_Prompt_
An exact transcription is needed, beginning at the line with "线性代数学习辅导与习题解答(农林类大学数学立体化教材)" and ending at the last line of the listing, with pictures left out and nothing else added.

_Given information_
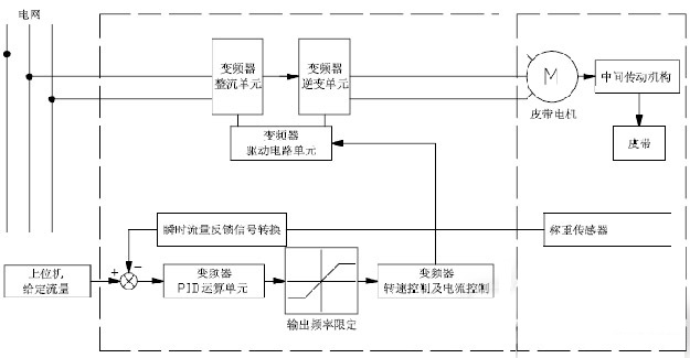 過(guò)流量設(shè)定及反饋,調(diào)節(jié)SKI600的輸出頻率以控制輸送皮帶的轉(zhuǎn)速,自動(dòng)實(shí)現(xiàn)給料流程的精確控制和給料總量的準(zhǔn)確計(jì)量。SKI600流量PID閉環(huán)調(diào)節(jié)結(jié)構(gòu)圖如圖3 所示。
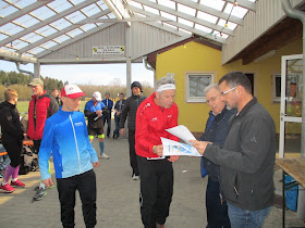 Es ging heute mal wieder nach Mittelfranken und dabei zu einer Veranstaltung, an der ich bislang ein Mal 2017 teilgenommen hatte. Den Nachtdienst bekam ich zum Glück Urlaub und gestern in Schwäbisch Gmünd hatte ich ja 5 km im Wettkampf absolviert und so doch etwas Erwartungen an den heutigen Lauf. Den sehr erfolgreiche Lauf gestern merkte ich dann aber doch etwas und zu allem Überfluss "durfte" ich noch um 5:30 Uhr die Mädels holen und so nach nicht ganz 4 Stunden Schlaf noch eine Stunde früher wach. Es ging die 150 km in 1:21 Stunde zum Sportplatz in Dürrwangen und dort gab es genug Parkmöglichkeiten. Ich holte nun meine Startnummer und für den Lauf über 10 km betrug die Startgebühr gerade mal 7 €. Beim Lauf und Walking (keine eigene Wertung) über 5 km sind es 5 € und für den Schülerlauf 2,50 €. Auch hier in Mittelfranken treffe ich natürlich immer auf einige Bekannte und das begann schon bei der Ausgabe der Startnummer. Da traf ich auch auf Jörg Behrendt und so durfte ich auf ein Foto von meinem Zieleinlauf hoffen. Das Wetter meinte es richtig gut mit 14° C und Sonne. Allerdings auch heute wieder dieser so langsam echt nervige böige Wind. Dann traf ich auf Ralf und Ina Throm, sowie Andreas Schien, die ich erst gestern traf.
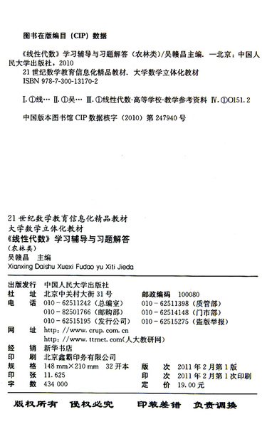 线性代数学习辅导与习题解答(农林类大学数学立体化教材)
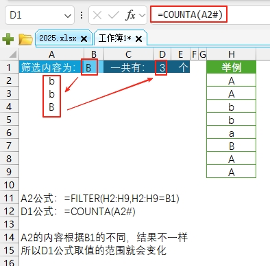 选“B”时,D1公式中"A2#"得到A2:A4的范围
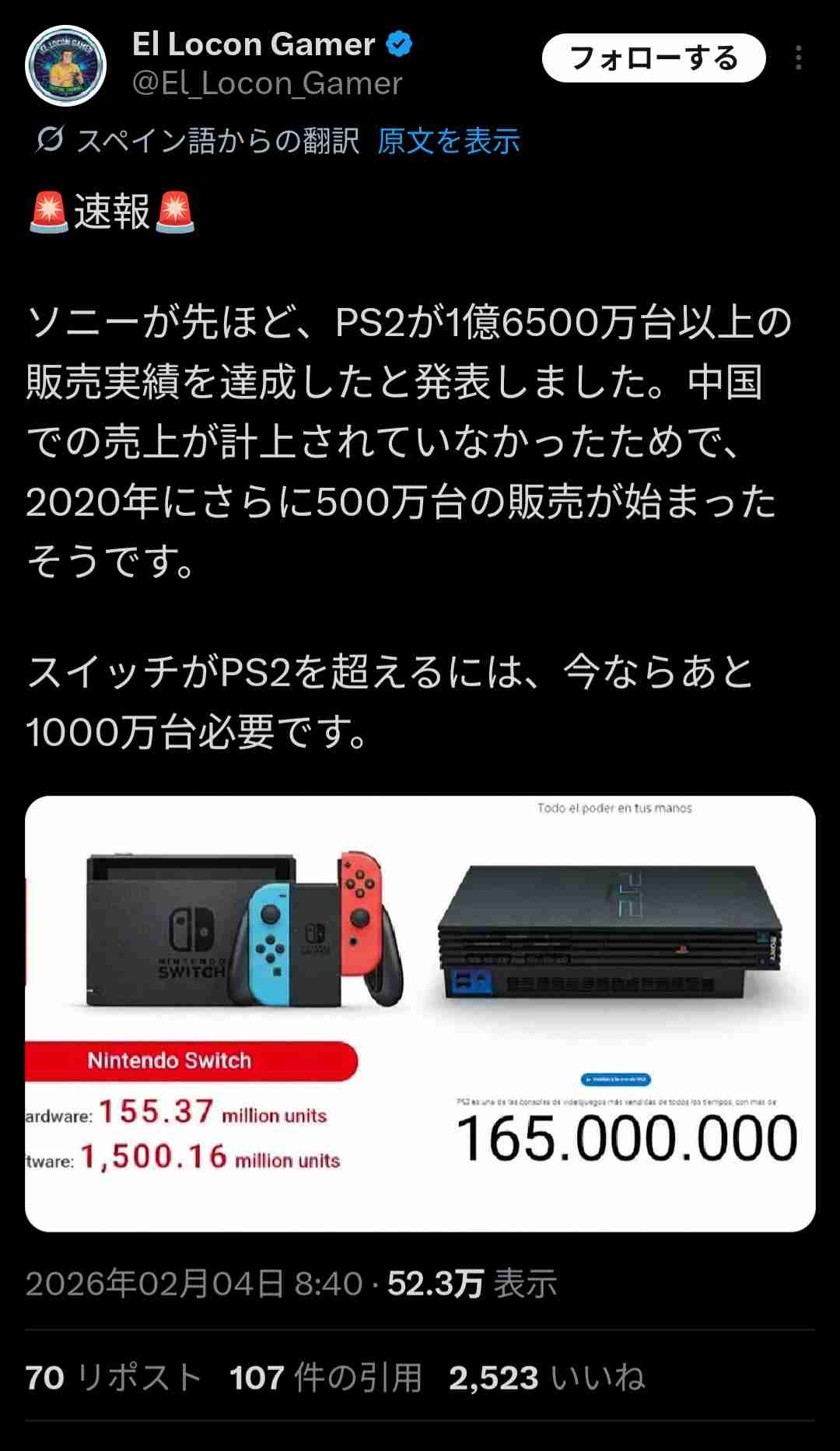 switchがPS2を超えるにはあと1000万台売れる必要がある模様
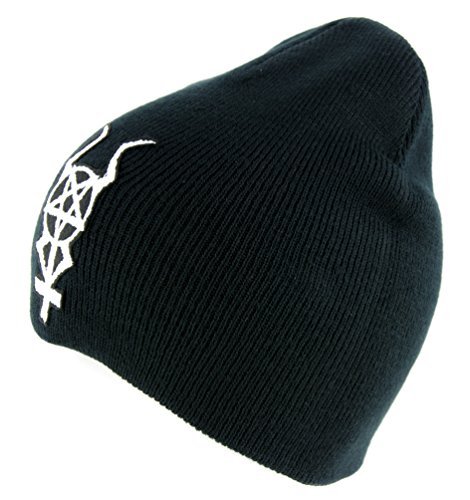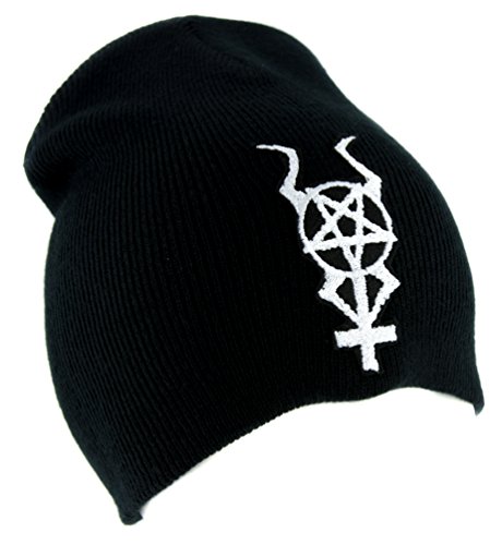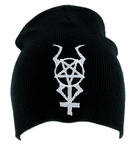 Horned Pentacross Beanie Knit Cap Occult Clothing Inverted Pentagram Cross Horns up

_Answer box_
 线性代数学习辅导与习题解答(农林类大学数学立体化教材)
 选“B”时,D1公式中"A2#"得到A2:A4的范围
 switchがPS2を超えるにはあと1000万台売れる必要がある模様
 Horned Pentacross Beanie Knit Cap Occult Clothing Inverted Pentagram Cross Horns up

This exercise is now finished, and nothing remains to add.